- [Assignment]: Please give back, word for word, only the lines starting at the one containing "研究生毕业生代表李璞男同学说" and ending at the one containing "另一个学下棋的青年人则不同,每次当奕秋讲" within the material below.

- [Records]:
───

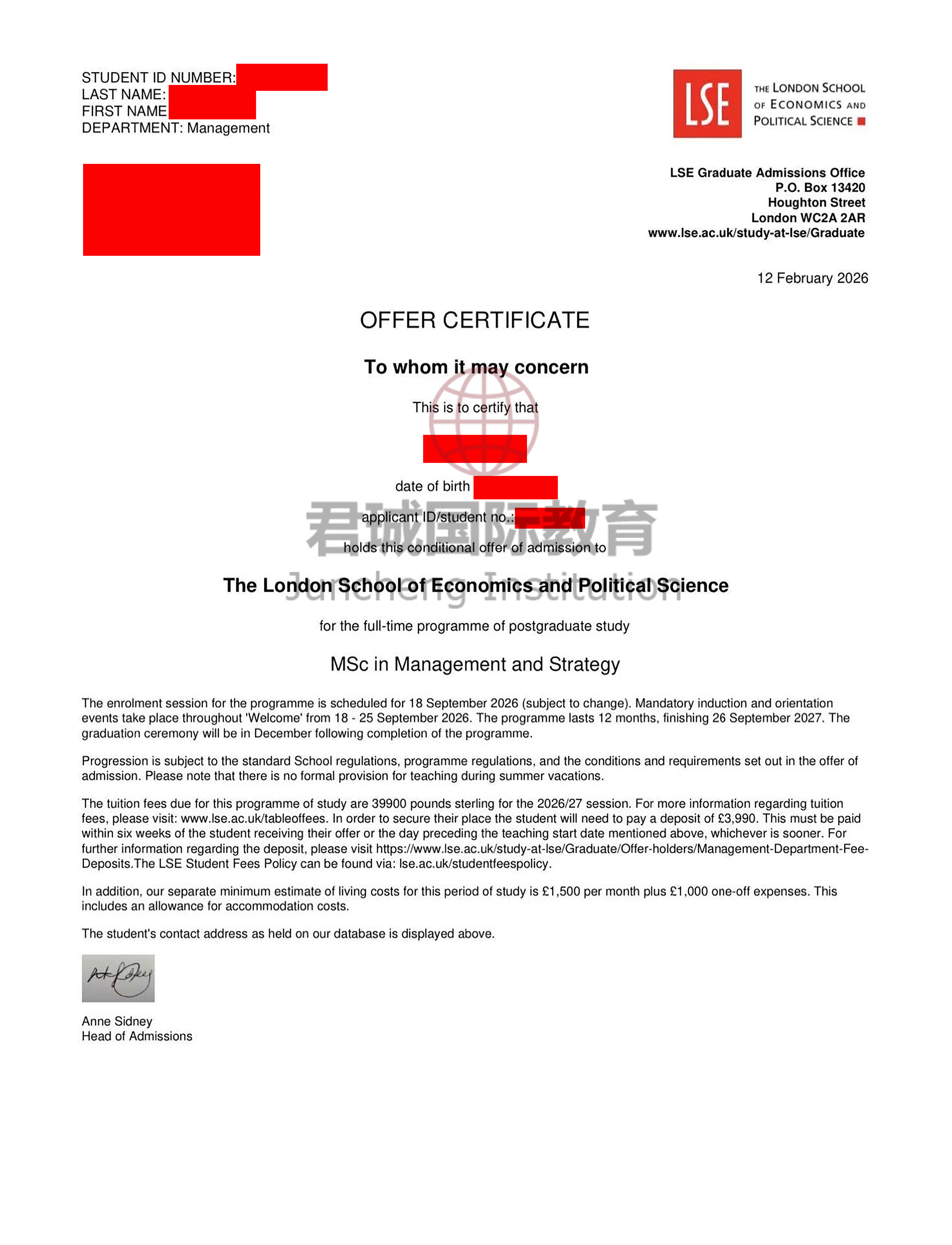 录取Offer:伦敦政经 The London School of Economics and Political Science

───

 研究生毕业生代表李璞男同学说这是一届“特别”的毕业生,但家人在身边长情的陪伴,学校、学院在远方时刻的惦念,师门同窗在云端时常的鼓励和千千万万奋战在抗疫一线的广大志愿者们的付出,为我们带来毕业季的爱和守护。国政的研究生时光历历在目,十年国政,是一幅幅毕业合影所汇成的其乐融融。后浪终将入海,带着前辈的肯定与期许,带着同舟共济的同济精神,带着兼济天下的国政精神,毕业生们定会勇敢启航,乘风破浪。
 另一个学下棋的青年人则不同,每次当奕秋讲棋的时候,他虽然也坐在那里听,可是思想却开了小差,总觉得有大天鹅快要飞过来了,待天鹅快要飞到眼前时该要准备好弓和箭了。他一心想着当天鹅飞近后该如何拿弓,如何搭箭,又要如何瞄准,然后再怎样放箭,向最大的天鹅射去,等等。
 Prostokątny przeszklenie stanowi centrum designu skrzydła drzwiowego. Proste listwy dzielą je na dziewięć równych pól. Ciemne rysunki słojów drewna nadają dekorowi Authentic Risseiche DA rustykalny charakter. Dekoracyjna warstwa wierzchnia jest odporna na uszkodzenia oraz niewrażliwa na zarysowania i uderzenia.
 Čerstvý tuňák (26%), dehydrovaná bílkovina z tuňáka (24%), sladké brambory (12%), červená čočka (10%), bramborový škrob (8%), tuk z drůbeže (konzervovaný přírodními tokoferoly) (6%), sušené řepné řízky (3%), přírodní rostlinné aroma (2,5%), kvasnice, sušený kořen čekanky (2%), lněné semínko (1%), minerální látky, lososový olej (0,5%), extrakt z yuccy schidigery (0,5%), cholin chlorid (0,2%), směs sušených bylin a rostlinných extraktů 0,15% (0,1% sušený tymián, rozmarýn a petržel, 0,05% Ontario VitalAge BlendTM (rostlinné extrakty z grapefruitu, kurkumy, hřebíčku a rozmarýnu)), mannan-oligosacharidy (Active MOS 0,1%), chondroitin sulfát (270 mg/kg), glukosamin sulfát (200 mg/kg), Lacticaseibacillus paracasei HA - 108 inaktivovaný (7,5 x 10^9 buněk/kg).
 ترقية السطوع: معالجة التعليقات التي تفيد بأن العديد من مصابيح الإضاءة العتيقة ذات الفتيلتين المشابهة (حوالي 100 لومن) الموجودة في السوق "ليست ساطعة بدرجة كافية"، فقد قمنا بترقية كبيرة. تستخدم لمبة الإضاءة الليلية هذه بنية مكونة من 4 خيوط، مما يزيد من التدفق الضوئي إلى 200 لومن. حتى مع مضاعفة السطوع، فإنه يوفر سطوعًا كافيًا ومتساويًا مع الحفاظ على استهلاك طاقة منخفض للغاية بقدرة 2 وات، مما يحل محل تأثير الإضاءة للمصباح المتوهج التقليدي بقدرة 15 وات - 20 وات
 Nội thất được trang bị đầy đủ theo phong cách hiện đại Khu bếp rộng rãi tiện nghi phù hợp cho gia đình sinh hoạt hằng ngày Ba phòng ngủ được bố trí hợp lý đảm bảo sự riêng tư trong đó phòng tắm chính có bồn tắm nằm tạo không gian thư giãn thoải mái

───

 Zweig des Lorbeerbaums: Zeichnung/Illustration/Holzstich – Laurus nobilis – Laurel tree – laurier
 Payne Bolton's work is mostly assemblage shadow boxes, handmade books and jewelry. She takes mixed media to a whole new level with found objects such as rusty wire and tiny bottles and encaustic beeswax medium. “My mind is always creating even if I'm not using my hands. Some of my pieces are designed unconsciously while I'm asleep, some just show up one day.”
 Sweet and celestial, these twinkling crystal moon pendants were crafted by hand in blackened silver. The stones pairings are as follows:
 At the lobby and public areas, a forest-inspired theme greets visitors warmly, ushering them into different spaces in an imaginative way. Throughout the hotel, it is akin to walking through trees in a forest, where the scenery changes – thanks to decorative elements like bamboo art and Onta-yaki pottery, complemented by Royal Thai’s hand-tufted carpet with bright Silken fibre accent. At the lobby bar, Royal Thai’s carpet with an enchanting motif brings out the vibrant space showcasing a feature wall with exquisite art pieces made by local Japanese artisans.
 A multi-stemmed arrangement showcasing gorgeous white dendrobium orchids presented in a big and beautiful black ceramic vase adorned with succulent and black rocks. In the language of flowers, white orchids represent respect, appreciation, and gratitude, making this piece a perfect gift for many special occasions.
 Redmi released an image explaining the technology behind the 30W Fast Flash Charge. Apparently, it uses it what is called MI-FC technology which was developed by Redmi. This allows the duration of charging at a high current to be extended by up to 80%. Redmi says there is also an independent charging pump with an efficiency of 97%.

───

- [Answer to this task]:
 研究生毕业生代表李璞男同学说这是一届“特别”的毕业生,但家人在身边长情的陪伴,学校、学院在远方时刻的惦念,师门同窗在云端时常的鼓励和千千万万奋战在抗疫一线的广大志愿者们的付出,为我们带来毕业季的爱和守护。国政的研究生时光历历在目,十年国政,是一幅幅毕业合影所汇成的其乐融融。后浪终将入海,带着前辈的肯定与期许,带着同舟共济的同济精神,带着兼济天下的国政精神,毕业生们定会勇敢启航,乘风破浪。
 另一个学下棋的青年人则不同,每次当奕秋讲棋的时候,他虽然也坐在那里听,可是思想却开了小差,总觉得有大天鹅快要飞过来了,待天鹅快要飞到眼前时该要准备好弓和箭了。他一心想着当天鹅飞近后该如何拿弓,如何搭箭,又要如何瞄准,然后再怎样放箭,向最大的天鹅射去,等等。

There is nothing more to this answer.